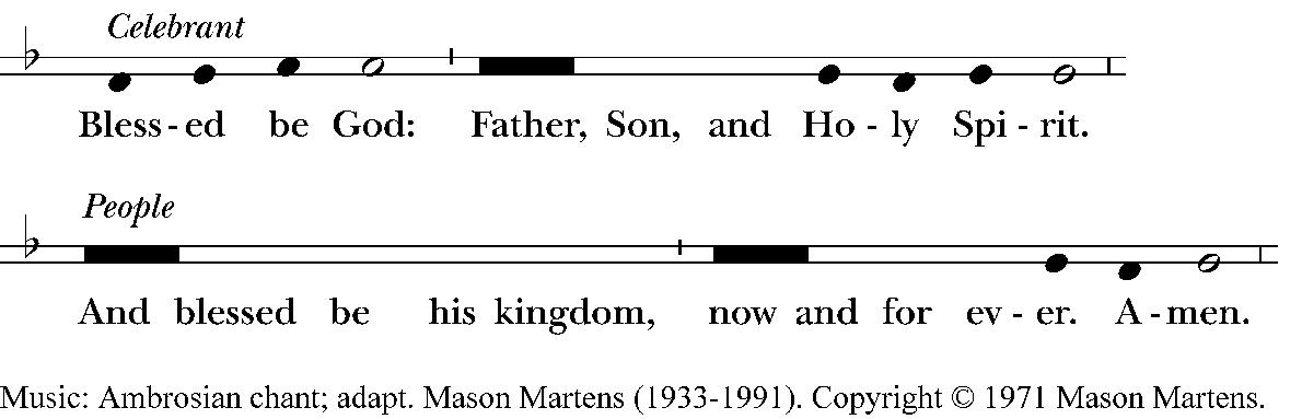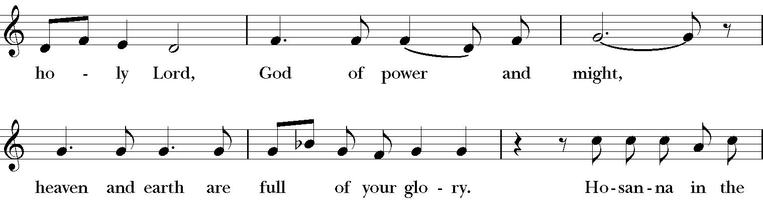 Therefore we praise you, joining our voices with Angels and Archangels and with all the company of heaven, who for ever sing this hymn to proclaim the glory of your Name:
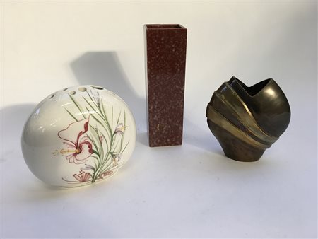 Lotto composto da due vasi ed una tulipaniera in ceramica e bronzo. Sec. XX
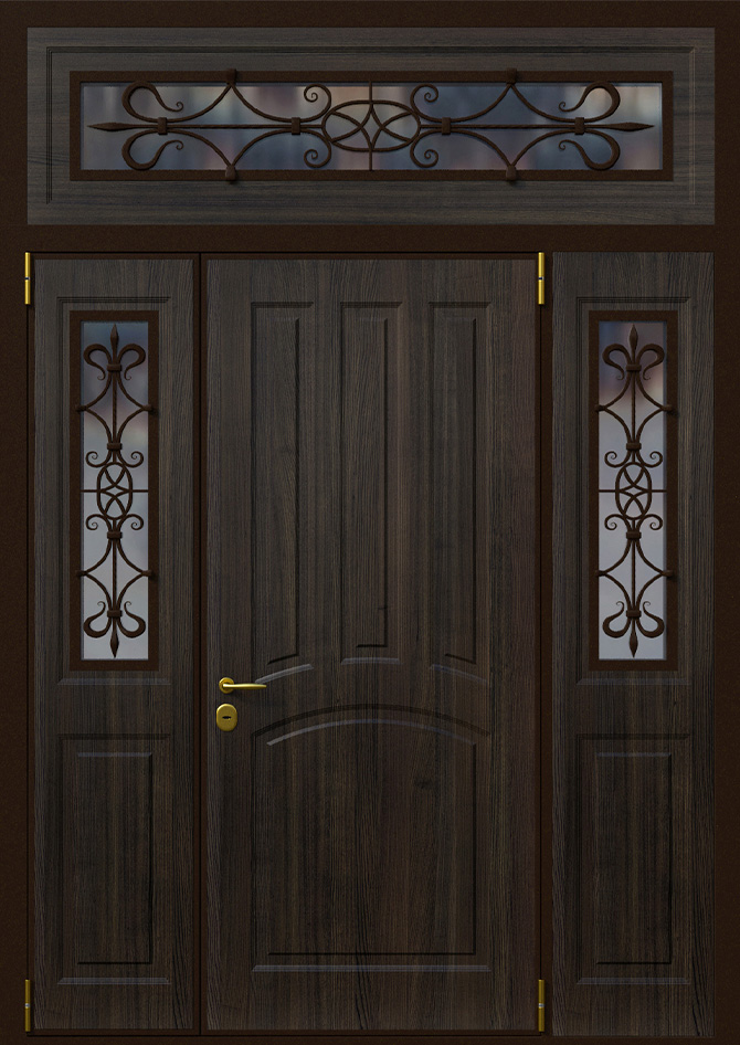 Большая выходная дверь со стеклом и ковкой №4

**PROBLEM DETAILS:** Without any pictures, transcribe the listing above exactly as written.

**WRITTEN SOLUTION:**
 Therefore we praise you, joining our voices with Angels and Archangels and with all the company of heaven, who for ever sing this hymn to proclaim the glory of your Name:
 Lotto composto da due vasi ed una tulipaniera in ceramica e bronzo. Sec. XX
 Большая выходная дверь со стеклом и ковкой №4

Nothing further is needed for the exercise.